How do you find a power series representation for # (1+x)/((1-x)^2)#?

Question

Christopher Agresta · Accepted Answer

Fair warning---I expect this to be a long answer!

I got

#sum_(n=0)^(N) (1+x)/(1-x)^2 = 1 + 3x + 5x^2 + 7x^3 + ...#

for some large finite #N#.

So, something that I believe you have already been taught is that:

#1/(1-x) = sum_(n = 0)^N x^n = 1 + x + x^2 + x^3 + ...# (0)

for some large finite #N#. Notice how:

#d/(dx)[-1/(1-x)] = 1/(1-x)^2# (1)

and that:

#color(darkred)(-1/(1-x)) = -sum_(n = 0)^N x^n# (2)

Analogizing from (1):

#x/(1-x)^2 = x*["Power Series for "1/(1-x)^2]# (3)

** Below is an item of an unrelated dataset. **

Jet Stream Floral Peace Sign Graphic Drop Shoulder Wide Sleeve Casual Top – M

Remember these four relationships, because we will be referring back to them.

First, notice how you can rewrite this as:

#(1+x)/(1-x)^2 = color(green)(1/(1-x)^2 + color(red)(x/(1-x)^2))# (4)

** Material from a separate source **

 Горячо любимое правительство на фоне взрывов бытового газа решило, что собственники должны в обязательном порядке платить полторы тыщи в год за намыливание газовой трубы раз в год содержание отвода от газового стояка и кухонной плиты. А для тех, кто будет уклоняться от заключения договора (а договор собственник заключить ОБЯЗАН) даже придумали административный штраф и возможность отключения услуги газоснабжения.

Already you may see how things could unfold. Making use of (0) in conjunction with (2), we get:

#color(darkred)(-1/(1-x) = -1 - x - x^2 - x^3 - ...)#

Now, making use of (1), we get:

#color(green)(1/(1-x)^2) = d/(dx)[-1 - x - x^2 - x^3 - ...]#

#= color(green)(-1 - 2x - 3x^2 - ...)#

This becomes the left half that we are looking for. Now for the right half. Using (3), we get:

#color(red)(x/(1-x)^2) = x[-1 - 2x - 3x^2 - 4x^3 - ...]#

#= color(red)(-x - 2x^2 - 3x^3 - ...)#

Next, we can add them together (like-terms with like-terms) according to (4):

# "Power Series of " (1+x)/(1-x)^2 = "Power Series of " color(green)(1/(1-x)^2 + color(red)(x/(1-x)^2))#

#prop [-1 - 2x - 3x^2 - 4x^3 - ...] + [-x - 2x^2 - 3x^3 - ...]#

#prop color(green)(-1 - 3x - 5x^2 - 7x^3 - ..).#

And finally, notice how we started with #1/(1-x)#, but we manipulated it before taking the derivative to get #1/(1-x)^2# by multiplying it by #-1# to get the power series for #-1/(1-x)#.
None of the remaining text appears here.